**Exercise**
Please return exactly the lines from the one containing "Đừng bỏ lỡ cơ" through the end of the records, including both.

**Recorded information**
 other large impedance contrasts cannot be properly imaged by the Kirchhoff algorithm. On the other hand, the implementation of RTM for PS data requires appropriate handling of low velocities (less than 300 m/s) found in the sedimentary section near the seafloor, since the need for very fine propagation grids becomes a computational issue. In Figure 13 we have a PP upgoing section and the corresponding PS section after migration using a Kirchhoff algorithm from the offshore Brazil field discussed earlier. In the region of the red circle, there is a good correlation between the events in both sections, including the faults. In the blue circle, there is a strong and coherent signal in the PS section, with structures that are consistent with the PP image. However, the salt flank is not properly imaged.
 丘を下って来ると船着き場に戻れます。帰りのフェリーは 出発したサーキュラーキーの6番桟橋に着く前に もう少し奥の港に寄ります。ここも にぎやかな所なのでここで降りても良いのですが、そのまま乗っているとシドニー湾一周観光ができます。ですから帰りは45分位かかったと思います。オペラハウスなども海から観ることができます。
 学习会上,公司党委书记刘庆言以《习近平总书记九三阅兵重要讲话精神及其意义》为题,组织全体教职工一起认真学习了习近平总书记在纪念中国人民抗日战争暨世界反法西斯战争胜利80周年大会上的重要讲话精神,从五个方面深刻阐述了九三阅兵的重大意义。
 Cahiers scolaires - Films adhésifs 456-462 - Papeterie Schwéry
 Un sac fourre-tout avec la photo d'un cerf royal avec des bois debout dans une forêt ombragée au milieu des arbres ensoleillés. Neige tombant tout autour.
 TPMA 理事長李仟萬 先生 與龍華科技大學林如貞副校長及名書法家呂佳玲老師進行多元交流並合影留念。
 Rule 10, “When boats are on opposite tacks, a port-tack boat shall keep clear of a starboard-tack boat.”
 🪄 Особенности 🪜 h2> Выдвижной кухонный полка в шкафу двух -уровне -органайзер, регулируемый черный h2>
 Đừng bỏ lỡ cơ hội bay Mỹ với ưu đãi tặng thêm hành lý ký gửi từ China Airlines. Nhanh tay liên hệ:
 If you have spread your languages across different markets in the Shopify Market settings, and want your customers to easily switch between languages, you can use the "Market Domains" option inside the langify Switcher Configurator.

**The completed task**
 Đừng bỏ lỡ cơ hội bay Mỹ với ưu đãi tặng thêm hành lý ký gửi từ China Airlines. Nhanh tay liên hệ:
 If you have spread your languages across different markets in the Shopify Market settings, and want your customers to easily switch between languages, you can use the "Market Domains" option inside the langify Switcher Configurator.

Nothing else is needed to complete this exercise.